- **Problem requirements**
Begin with the opening line of the records and extract each line through the one holding "人民网北京12月23日电 据"; pictures are not part of the copy.

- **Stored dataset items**
=======
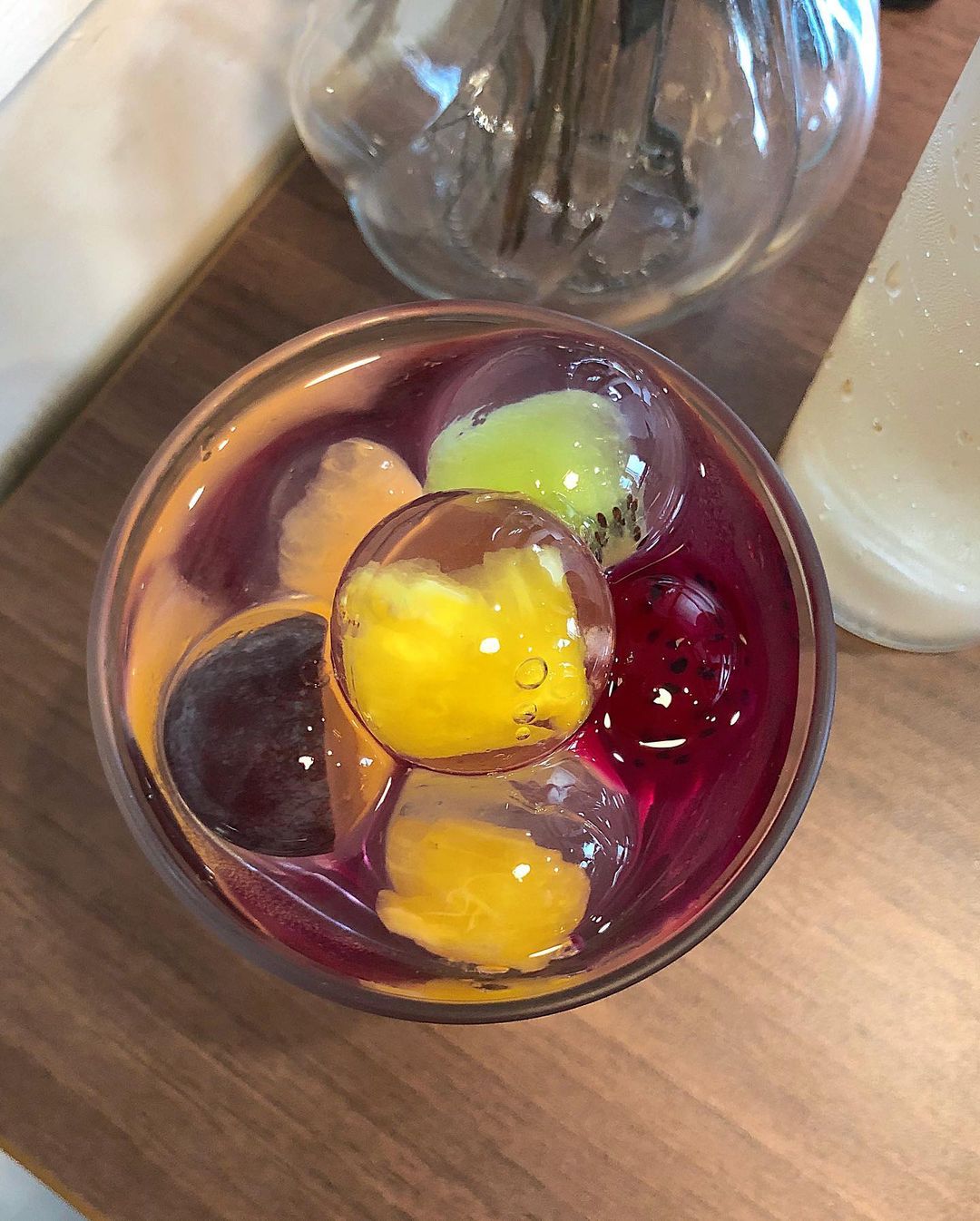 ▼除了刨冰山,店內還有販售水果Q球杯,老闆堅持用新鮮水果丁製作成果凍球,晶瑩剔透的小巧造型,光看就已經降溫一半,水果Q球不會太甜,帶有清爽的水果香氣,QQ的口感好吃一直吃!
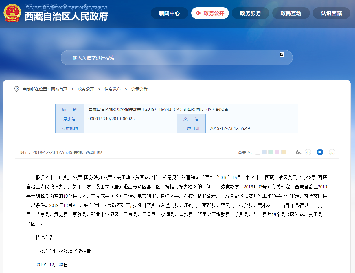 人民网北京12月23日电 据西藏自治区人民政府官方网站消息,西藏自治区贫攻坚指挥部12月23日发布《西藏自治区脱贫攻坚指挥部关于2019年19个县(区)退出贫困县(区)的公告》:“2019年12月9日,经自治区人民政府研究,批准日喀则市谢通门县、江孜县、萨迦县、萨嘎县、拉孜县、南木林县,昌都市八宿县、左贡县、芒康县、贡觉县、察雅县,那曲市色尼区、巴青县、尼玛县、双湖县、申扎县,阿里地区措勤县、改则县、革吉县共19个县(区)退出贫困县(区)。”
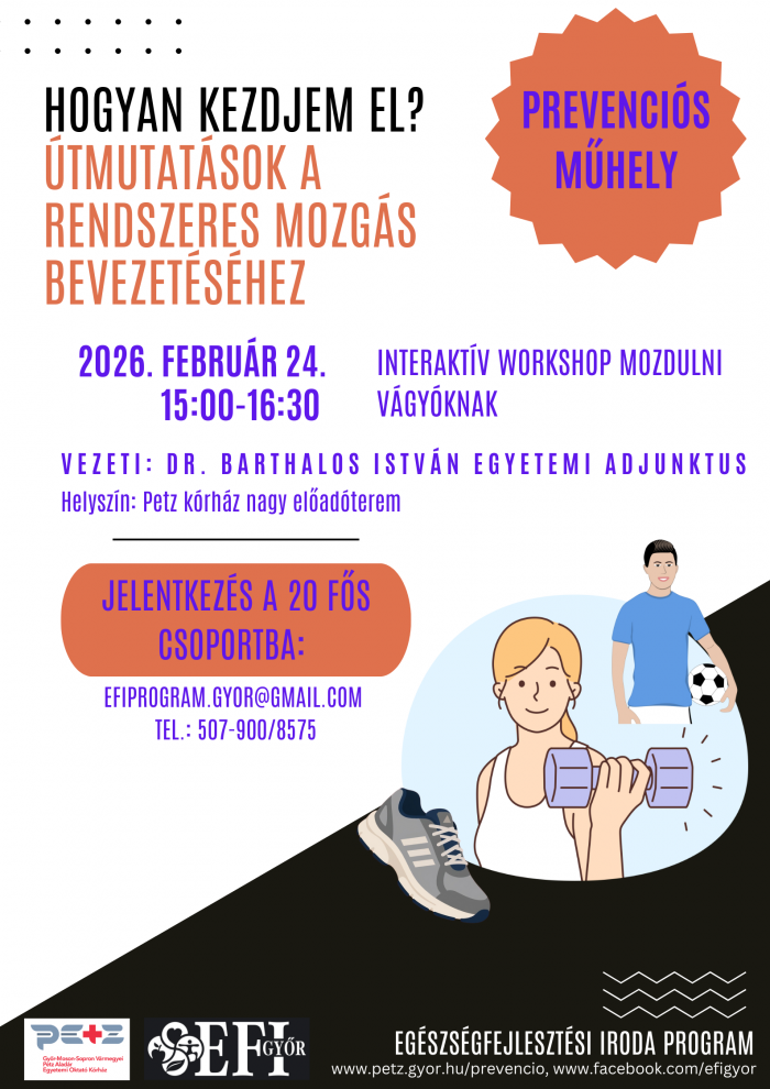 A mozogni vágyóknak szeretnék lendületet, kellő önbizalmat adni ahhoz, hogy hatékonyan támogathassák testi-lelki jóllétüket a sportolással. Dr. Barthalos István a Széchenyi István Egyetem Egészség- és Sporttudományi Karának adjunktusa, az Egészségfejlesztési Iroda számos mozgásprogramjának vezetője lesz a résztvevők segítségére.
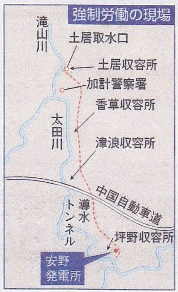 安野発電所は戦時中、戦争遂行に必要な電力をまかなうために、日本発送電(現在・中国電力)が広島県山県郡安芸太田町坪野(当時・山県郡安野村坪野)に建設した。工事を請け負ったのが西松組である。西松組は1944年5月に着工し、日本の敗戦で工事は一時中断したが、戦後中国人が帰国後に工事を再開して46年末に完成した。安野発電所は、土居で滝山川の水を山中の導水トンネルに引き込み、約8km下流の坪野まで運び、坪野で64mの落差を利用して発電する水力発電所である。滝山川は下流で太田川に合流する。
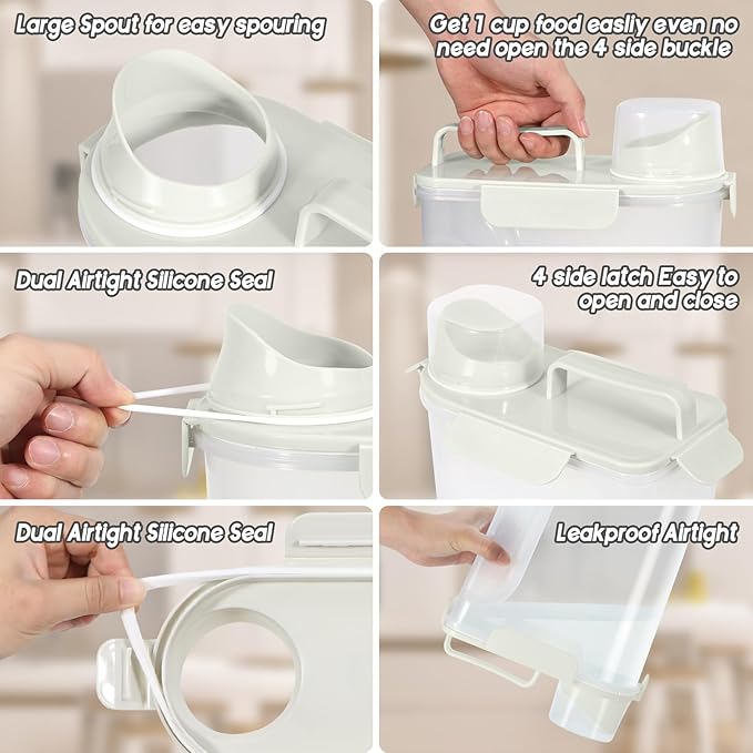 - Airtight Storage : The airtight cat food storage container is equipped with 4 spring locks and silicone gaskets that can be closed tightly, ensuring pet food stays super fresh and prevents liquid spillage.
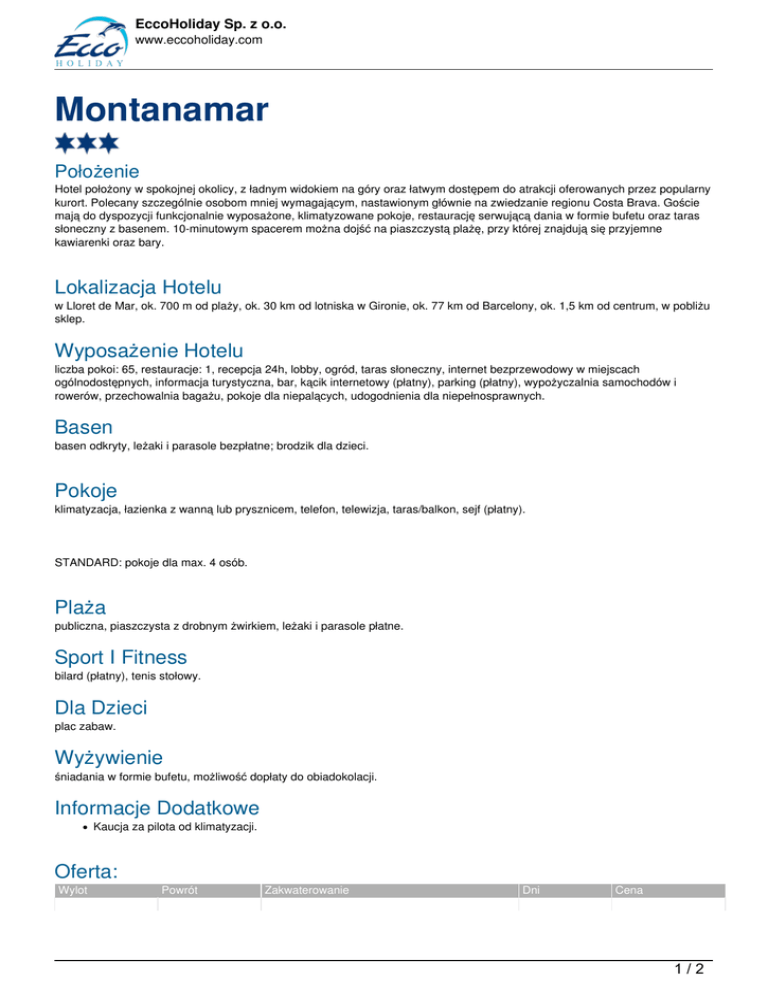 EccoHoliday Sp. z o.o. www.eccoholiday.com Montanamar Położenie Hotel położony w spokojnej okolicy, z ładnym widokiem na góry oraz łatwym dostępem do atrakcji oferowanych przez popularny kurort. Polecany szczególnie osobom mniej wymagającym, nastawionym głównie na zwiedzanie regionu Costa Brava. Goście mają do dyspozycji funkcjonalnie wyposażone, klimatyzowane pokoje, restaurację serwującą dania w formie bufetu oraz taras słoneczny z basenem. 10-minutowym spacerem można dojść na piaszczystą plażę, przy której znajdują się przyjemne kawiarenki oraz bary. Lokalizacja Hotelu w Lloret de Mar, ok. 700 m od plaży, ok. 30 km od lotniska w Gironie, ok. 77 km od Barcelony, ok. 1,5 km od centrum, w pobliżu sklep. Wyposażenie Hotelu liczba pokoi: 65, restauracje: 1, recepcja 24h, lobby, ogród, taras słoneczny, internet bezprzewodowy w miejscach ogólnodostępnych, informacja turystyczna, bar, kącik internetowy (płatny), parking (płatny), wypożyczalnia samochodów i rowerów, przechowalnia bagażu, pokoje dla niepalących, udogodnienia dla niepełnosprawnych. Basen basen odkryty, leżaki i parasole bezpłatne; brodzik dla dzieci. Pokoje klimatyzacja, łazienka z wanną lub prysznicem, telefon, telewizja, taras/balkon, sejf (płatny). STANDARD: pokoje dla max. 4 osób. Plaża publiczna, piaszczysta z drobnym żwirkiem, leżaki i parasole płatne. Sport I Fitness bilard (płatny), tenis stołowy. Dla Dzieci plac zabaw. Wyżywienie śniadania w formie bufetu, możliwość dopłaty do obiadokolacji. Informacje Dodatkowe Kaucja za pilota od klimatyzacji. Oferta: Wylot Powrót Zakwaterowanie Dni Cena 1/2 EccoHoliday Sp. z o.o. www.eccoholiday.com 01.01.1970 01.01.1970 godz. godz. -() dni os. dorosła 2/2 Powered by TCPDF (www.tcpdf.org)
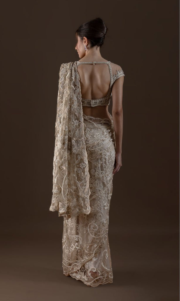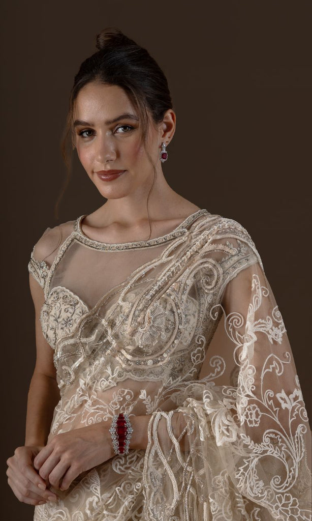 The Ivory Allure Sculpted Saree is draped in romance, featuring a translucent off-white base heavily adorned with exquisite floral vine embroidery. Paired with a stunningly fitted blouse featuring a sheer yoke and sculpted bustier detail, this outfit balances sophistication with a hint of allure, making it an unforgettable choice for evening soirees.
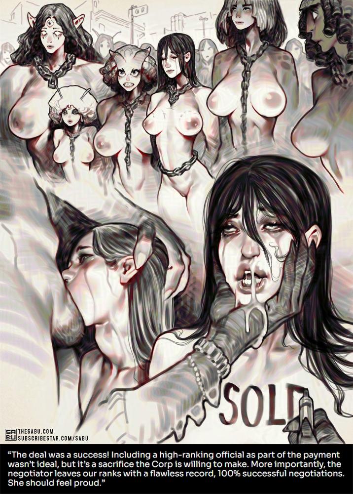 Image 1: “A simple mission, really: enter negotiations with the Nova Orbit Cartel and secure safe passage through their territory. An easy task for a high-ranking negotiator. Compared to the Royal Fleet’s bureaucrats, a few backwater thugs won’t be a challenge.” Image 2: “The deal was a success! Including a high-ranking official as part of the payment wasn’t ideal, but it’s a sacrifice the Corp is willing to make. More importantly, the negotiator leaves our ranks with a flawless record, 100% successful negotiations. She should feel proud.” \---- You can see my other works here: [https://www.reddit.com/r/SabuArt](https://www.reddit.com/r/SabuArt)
=======
- **Task output**
 ▼除了刨冰山,店內還有販售水果Q球杯,老闆堅持用新鮮水果丁製作成果凍球,晶瑩剔透的小巧造型,光看就已經降溫一半,水果Q球不會太甜,帶有清爽的水果香氣,QQ的口感好吃一直吃!
 人民网北京12月23日电 据西藏自治区人民政府官方网站消息,西藏自治区贫攻坚指挥部12月23日发布《西藏自治区脱贫攻坚指挥部关于2019年19个县(区)退出贫困县(区)的公告》:“2019年12月9日,经自治区人民政府研究,批准日喀则市谢通门县、江孜县、萨迦县、萨嘎县、拉孜县、南木林县,昌都市八宿县、左贡县、芒康县、贡觉县、察雅县,那曲市色尼区、巴青县、尼玛县、双湖县、申扎县,阿里地区措勤县、改则县、革吉县共19个县(区)退出贫困县(区)。”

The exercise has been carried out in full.